Jetzt suchte Gaddis unter dem Buchstaben »P« im Verzeichnis des Dienstes nach Philby. Fehlanzeige. Er griff zum Jahresband 1942 und zog die nächste Niete. Gaddis überprüfte den Band für das Jahr 1960. Auch hier keine Erwähnung Philbys. Warum war er nicht in das Verzeichnis der Mitarbeiter des Foreign Office aufgenommen worden? Erfreuten sich MI6-Mitarbeiter der Anonymität? Gaddis sah in jedem einzelnen Jahresband zwischen 1940 und 1959 nach und fand nirgendwo einen Hinweis auf Philby. Stattdessen stolperte er über Absonderlichkeiten: Zwischen 1946 und 1952, dem Zeitraum, in dem der Nachruf ihn nach Italien verpflanzte, fanden sich keine Einträge für Edward Crane. War er während dieser Zeit Mitarbeiter des MI6 gewesen? Oder hatte er nach dem Krieg eine ausgedehnte Auszeit genommen? Es gab viele Fragen, zu viele für Gaddis’ Geschmack. Eine Story dieser Größenordnung zu recherchieren, Charlottes Vorhaben gerecht zu werden, würde Jahre, nicht Monate dauern. Manch ein Historiker hatte sein ganzes Berufsleben der Suche nach dem sechsten Mann gewidmet, keiner von ihnen mit Erfolg. Wenn sich doch bloß ein noch lebender Mitarbeiter des Foreign Office auftreiben ließe, der Crane persönlich gekannt hatte. Es musste doch Kollegen geben, die derselben Delegation angehört oder an derselben Konferenz teilgenommen hatten wie Crane.
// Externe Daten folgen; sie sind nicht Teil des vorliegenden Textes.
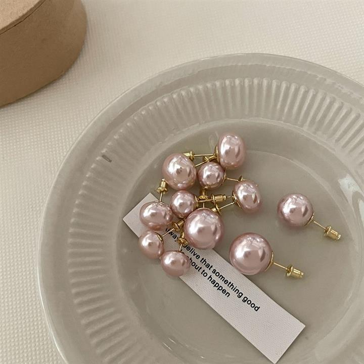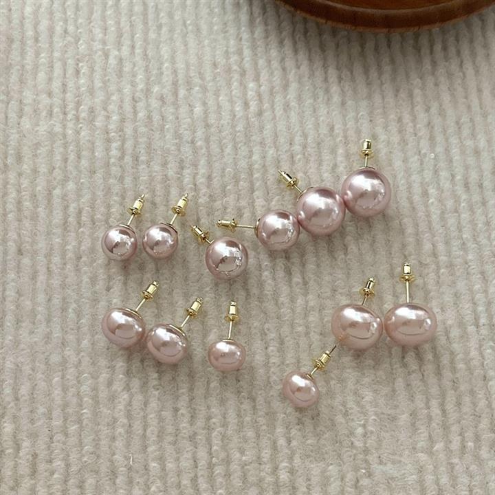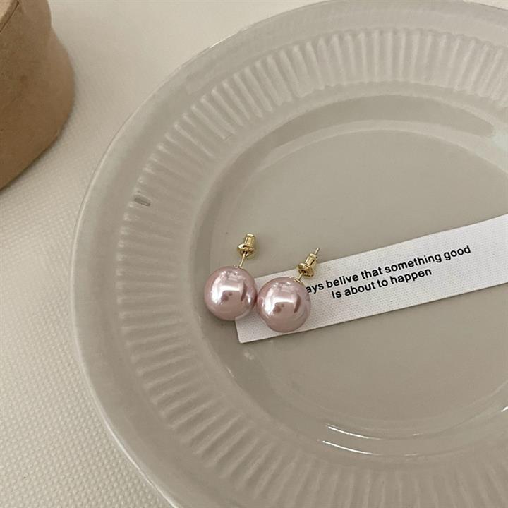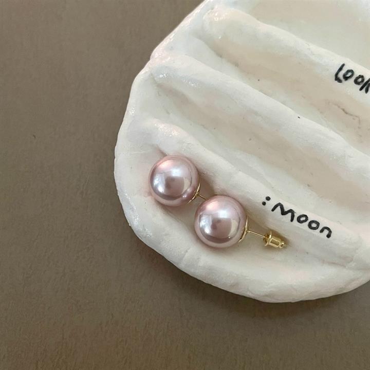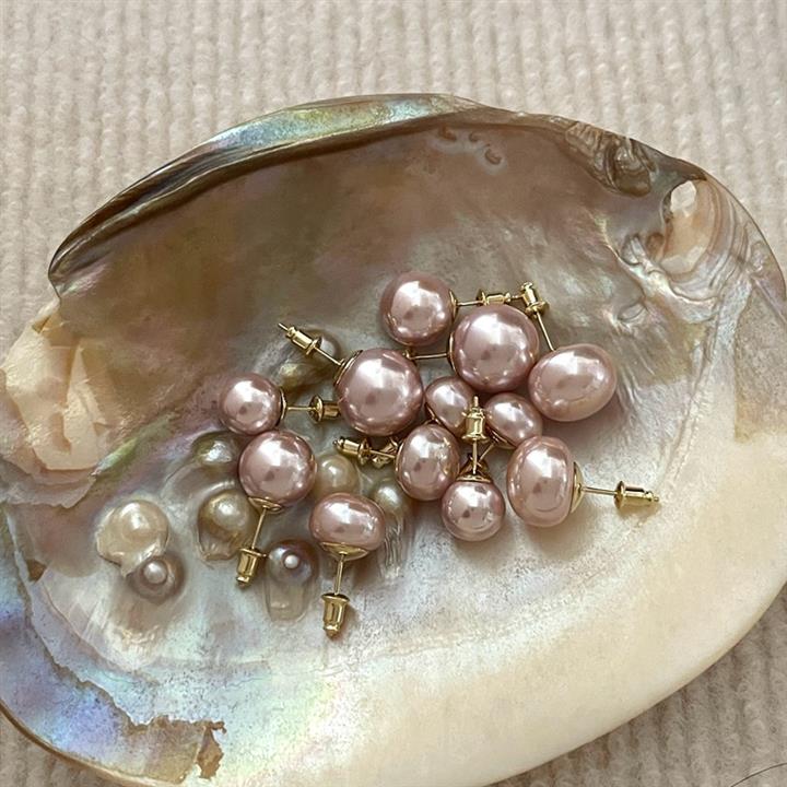 法式復古人魚姬粉饅頭珍珠耳釘jew16

Gegen Mittag ging er nach unten, aß in der Cafeteria des Nationalarchivs ein fades Sandwich und nahm an einem der Internet-Terminals Platz. Eine Richtung der Recherche stand ihm noch offen: ein Kollege am UCL hatte ihm den Tipp gegeben, dass manche älteren Diplomaten ihre Unterlagen und persönlichen Papiere im Archiv des Churchill College in Cambridge deponieren ließen. Gaddis könnte dort eine Querverbindung zwischen Crane und einem ehemaligen britischen Botschafter in Argentinien oder vielleicht einem Ersten Botschaftssekretär in Berlin finden. Vor den Fenstern kreischten die Möwen, als er bei Google »Churchill College, Cambridge« eingab. Er holte den Janus Webserver in Cambridge auf den Bildschirm und gab in die Suchleiste »Edward Crane« ein. Drei Katalogeinträge erschienen, keiner enthielt irgendeinen spezifischen Verweis auf Crane. Als er den Namen »Thomas Neame« eingab, lieferte der Server kein einziges Ergebnis.

Sein Ausflug war eine herbe Enttäuschung gewesen. Er ging hinaus zum Parkplatz, und als er im Handschuhfach seines Autos ein altes Päckchen Camel fand, gab er seinen jüngsten Versuch, mit dem Rauchen aufzuhören, wieder auf. Die Zigarette trug wenig zur Aufhellung seines Gemüts bei, und er fuhr im leisen herbstlichen Dauerregen zurück nach Shepherd’s Bush. Es schien, als ob jeglicher Hinweis auf Crane oder Neame systematisch aus den historischen Archiven gelöscht worden wäre. Anders ließ sich kaum erklären, warum sie nicht ausfindig zu machen waren. Noch nie war er im ersten Stadium einer Recherche zu einem neuen Projekt so langsam vorangekommen. Im Stau auf der M4 fasste Gaddis den Entschluss, nach Moskau zu fliegen und sich Crane von der russischen Seite aus zu nähern. Sollte ATTILA ein wertvoller KGB-Spion gewesen sein, wie Charlotte behauptet hatte, dann musste es irgendwo tief in den Archiven des sowjetischen Geheimdienstes eine Akte über Edward Crane geben. Ob man gerade ihm, nach seinem jüngsten, kritischen Buch über das Platow-Regime, Zugang zu den Archiven gewähren würde, war allerdings eine ganz andere Frage.